Yes. In the fourth quarter, we also set a record on the volume of Canadian heavy that we ran in our system. We ran over 180,000 barrels a day of heavy Canadian. It is sourced via pipe, delivered into the Gulf, and then we do about 40,000 barrels a day crude by rail. Our view is that crude by rail will be necessary until one of the major pipeline projects gets approved out of western Canada.
Operator
Thank you. Our next question comes from Roger Read with Wells Fargo. Your line is open.
I guess, maybe to dig in a little deeper thinking about the summertime here with gasoline. So, you're running max distillate, presumably most if not all the industry is doing the same. So, if we see, relatively speaking, weaker gasoline cracks this summer, does that imply that to get things in balance effectively, the industry has to employ run cuts? Or should we think about additional toggles you can do, if you ended up with a summertime situation with stronger distillate cracks relative to the gasoline, especially with IMO staring us in the face by the latter part of the summer?

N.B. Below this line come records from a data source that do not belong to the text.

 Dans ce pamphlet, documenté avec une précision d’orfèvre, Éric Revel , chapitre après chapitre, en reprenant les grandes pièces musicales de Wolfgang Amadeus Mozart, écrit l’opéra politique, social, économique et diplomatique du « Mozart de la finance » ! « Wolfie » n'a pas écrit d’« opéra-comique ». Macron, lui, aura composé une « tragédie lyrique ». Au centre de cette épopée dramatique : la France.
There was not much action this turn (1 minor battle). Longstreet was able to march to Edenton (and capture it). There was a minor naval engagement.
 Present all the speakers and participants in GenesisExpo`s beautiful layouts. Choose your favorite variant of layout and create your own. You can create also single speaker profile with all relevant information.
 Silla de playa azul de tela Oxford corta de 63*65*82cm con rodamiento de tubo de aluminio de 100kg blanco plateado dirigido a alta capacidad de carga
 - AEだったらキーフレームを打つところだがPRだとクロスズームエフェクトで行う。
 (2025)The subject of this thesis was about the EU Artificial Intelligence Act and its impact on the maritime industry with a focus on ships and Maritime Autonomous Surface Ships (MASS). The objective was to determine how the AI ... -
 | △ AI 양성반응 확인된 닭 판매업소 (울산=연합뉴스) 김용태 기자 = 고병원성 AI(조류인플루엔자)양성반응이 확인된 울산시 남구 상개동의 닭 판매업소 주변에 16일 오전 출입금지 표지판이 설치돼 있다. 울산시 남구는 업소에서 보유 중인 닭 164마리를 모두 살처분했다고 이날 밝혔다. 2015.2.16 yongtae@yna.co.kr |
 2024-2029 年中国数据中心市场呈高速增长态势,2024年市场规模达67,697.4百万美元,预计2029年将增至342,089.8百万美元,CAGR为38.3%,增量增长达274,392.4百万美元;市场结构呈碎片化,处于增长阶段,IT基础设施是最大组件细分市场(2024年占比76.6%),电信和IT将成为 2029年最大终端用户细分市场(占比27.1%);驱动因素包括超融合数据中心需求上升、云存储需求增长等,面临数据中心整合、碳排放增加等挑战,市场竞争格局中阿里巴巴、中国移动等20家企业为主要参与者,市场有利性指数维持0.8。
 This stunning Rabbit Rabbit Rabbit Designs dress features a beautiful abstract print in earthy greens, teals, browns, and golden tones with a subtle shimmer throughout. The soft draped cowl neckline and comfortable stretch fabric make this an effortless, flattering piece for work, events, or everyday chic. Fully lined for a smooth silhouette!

Roger, it’s difficult to answer; certainly thinking of the gasoline situation is a combination of yield, which we certainly expect to be in the max distillate mode. The other thing I’d refer to is just what the utilization rate and the refining capacity is, and whether that 20-year high that we saw last year is sustainable.
Operator
Our next question comes from Jason Gabelman with Cowen. Your line is open.
Hey, guys. Congrats on the quarter. Just a couple of questions. A follow-up on the comments about running the FCCs, just to maximize alky production. The inputs into the FCCs, are those able to be blended into the marine fuel pool, or is there from a technical standpoint, an issue with meeting marine fuel specs, if you try to blend that backing gas oil into the marine pool?

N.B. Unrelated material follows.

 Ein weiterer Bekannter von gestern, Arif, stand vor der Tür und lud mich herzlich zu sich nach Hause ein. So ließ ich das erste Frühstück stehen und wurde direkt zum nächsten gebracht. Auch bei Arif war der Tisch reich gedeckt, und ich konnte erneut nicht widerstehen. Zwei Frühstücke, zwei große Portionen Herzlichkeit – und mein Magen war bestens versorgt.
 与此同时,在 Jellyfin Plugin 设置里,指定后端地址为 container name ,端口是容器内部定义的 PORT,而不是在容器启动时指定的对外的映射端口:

Hey, Jason. This is Lane. So, yes, the fees, particularly the marginal fee which is low sulfur VGO into these FCCs will fit into the half-a-way percent fuel oil market.
Okay, great. And there's not an issue with any of the other specs outside of meeting the sulfur spec?
We've done a lot of work on blends to ensure compatibility. The specifications aren't very strict, mostly focusing on the sulfur levels. The key is to ensure that any adjustments made to the blend promote compatibility. I'm quite confident that the industry will address these challenges effectively. While there might be some issues, we have collaborated with various stakeholders to refine our blends accordingly. This is essentially the only concern we anticipate.
And just looking more near term, obviously 4Q benefited from some better capture than anticipated and trying to figure out if that could continue into the first quarter. One area I think where there could be some upside is on the butane blending. It looks like butane prices have fallen pretty hard against where gasoline prices are. Do you expect that to support capture rates in the first quarter relative to its support in prior first quarters?
Yes. We see the spread. But, it's not a real meaningful contribution to our overall earnings for the quarter.
Operator
Thank you. This concludes the question-and-answer session. I would like to turn the call back over to Homer Bhullar for closing remarks.
Thanks, Shannon. We appreciate everyone joining us. Please feel free to contact the IR team if you have any additional questions. Thank you.
Operator
Ladies and gentlemen, this concludes today's conference. Thank you for your participation. Have a wonderful day.